Authorize the Tax Court to review more liabilities in connection with CDP appeals
Another alternative is to expand Collection Due Process (CDP) by allowing the Tax Court to consider challenges to the underlying liability, even if the taxpayer received a notice of deficiency or had an opportunity for an administrative appeal. If Congress decides to expand CDP, however, it should address several of its limitations. First, because the right to a CDP hearing is triggered by a lien or levy, a CDP appeal is not necessarily available to taxpayers whose liabilities are collected solely by offset (e.g., refundable credits the taxpayer would otherwise have received in a subsequent year). Thus, Congress should require the IRS to send CDP notices before offsetting refundable tax credits and allow taxpayers to appeal the resulting determinations to the Tax Court.
Second, the Tax Court does not have jurisdiction to order refunds in CDP appeals (e.g., to order refunds of amounts that had been paid or offset). Accordingly, Congress should consider clarifying that the Tax Court can determine overpayments in connection with CDP appeals.
In addition, both the time for requesting a CDP hearing, and the time for filing a Tax Court petition after receipt of an unfavorable CDP determination from Appeals is relatively short—only 30 days, as compared to 90 days (or 150 days if addressed to a taxpayer overseas) following a notice of deficiency. Moreover, unlike the notice of deficiency, the CDP notice and the CDP determination do not list the last day for the taxpayer to file the request for a hearing or to petition the Tax Court, respectively. Congress could address these problems by extending the period for filing to 90 days (or 150) and requiring the IRS to list the last day of the period on the CDP notice and determination letters.
Expanding the Tax Court’s jurisdiction in the context of CDP appeals will not open the floodgates to litigation. Between 2004 and 2017, only 0.08 percent receiving a CDP notice filed a petition with the Tax Court. Moreover, because these percentages include taxpayers with disputes about both collection alternatives and the underlying liability, we might expect this more limited expansion of CDP to increase the number of petitions by an even smaller fraction.

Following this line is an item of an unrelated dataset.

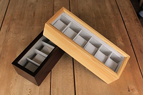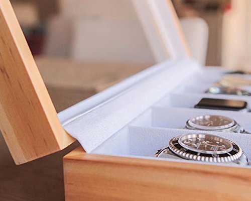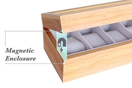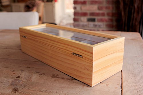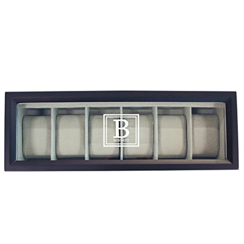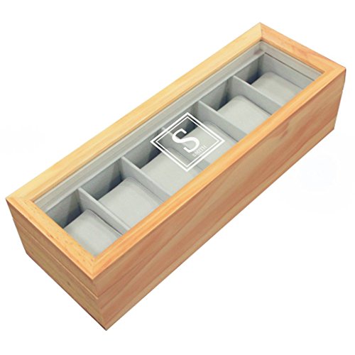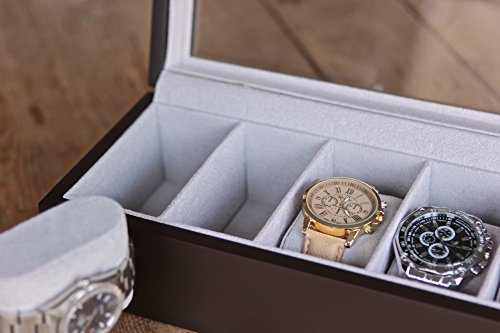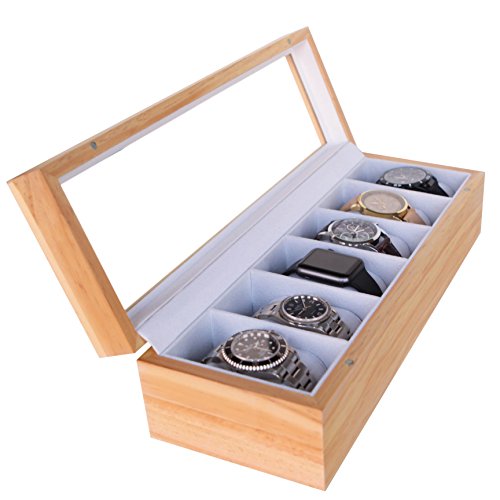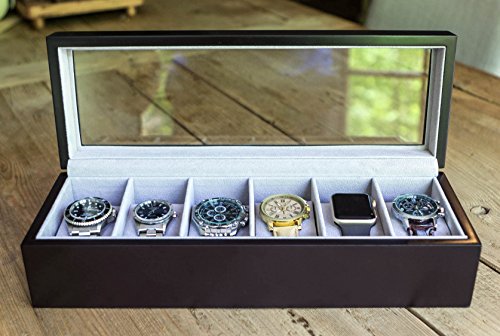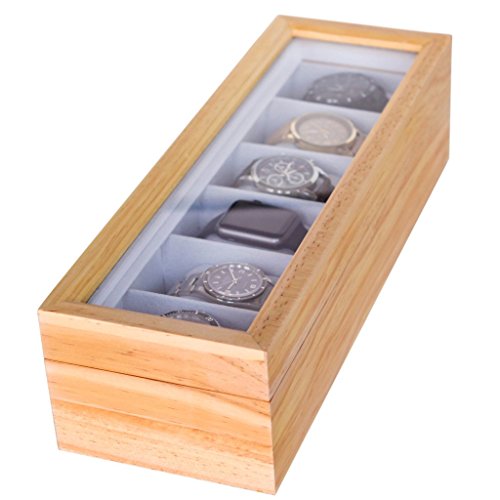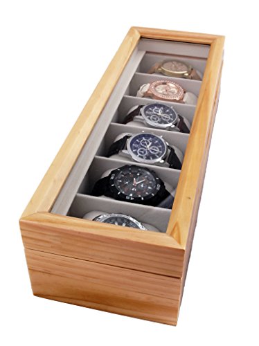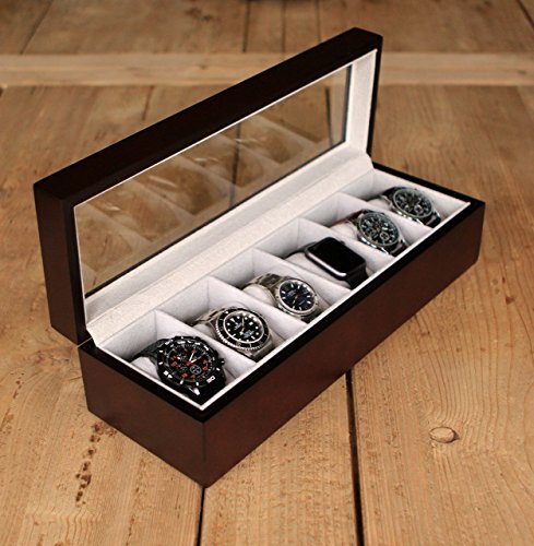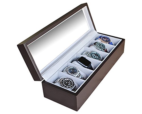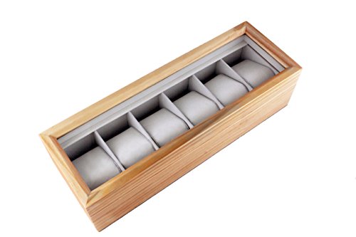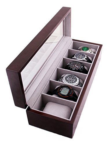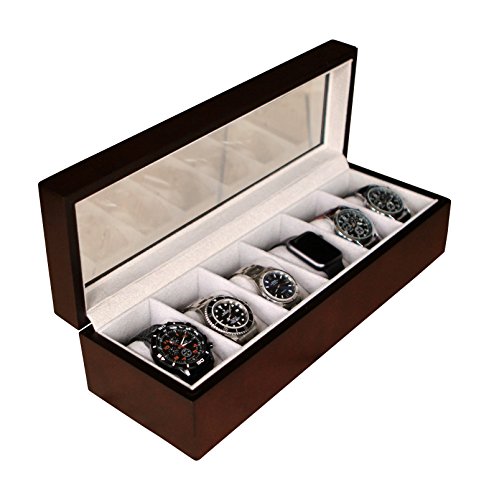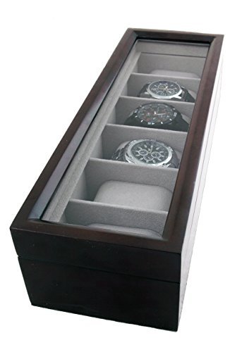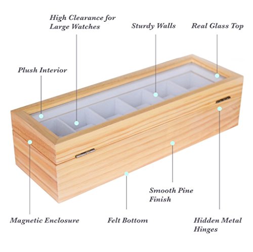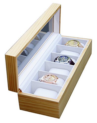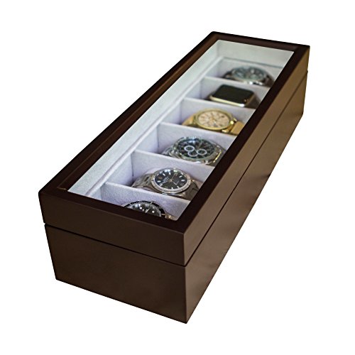Studio : case Elegance Publisher : case Elegance Binding : Watch Product Description Show them off. Bask in the glint of stones, sheen of metal and rich textured leather. This solid wood watch box will connect your horologic treasures to the relaxing spaces of your life. You will admire up to six fine timepieces through the real glass top. Your choice of natural dark espresso-finished or sustainable, light pine wood will easily fit on a dresser top, shelf or some other great vantage point in your home or office. Changing styles is easy because the hinged lid will stay up as long as you need, and when you close it, embedded magnets assure the lid stays in place. Felt pillows and interior lining assure that no harm will come to your investments. Each pillow fits most sizes and styles of watches, large and small, men's and women's. An inconspicuous felt bottom also prevents any furniture surface scratching. But, we think you won't have much reason to move it once you find the perfect spot. We know you'll love this product designed in the United States of America. 0

Our recommendations are consistent with the taxpayer’s right to appeal an IRS decision in an independent forum, which includes the right to “take their cases to court,” as well as the right to a fair and just tax system, which includes the right “to expect the tax system to consider facts and circumstances that might affect their underlying liabilities.” Given Congress’ support for taxpayer rights, we hope that one or more of these recommendations will be adopted.
The views expressed in this blog are solely those of the National Taxpayer Advocate. The National Taxpayer Advocate is appointed by the Secretary of the Treasury and reports to the Commissioner of Internal Revenue. However, the National Taxpayer Advocate presents an independent taxpayer perspective that does not necessarily reflect the position of the IRS, the Treasury Department, or the Office of Management and Budget.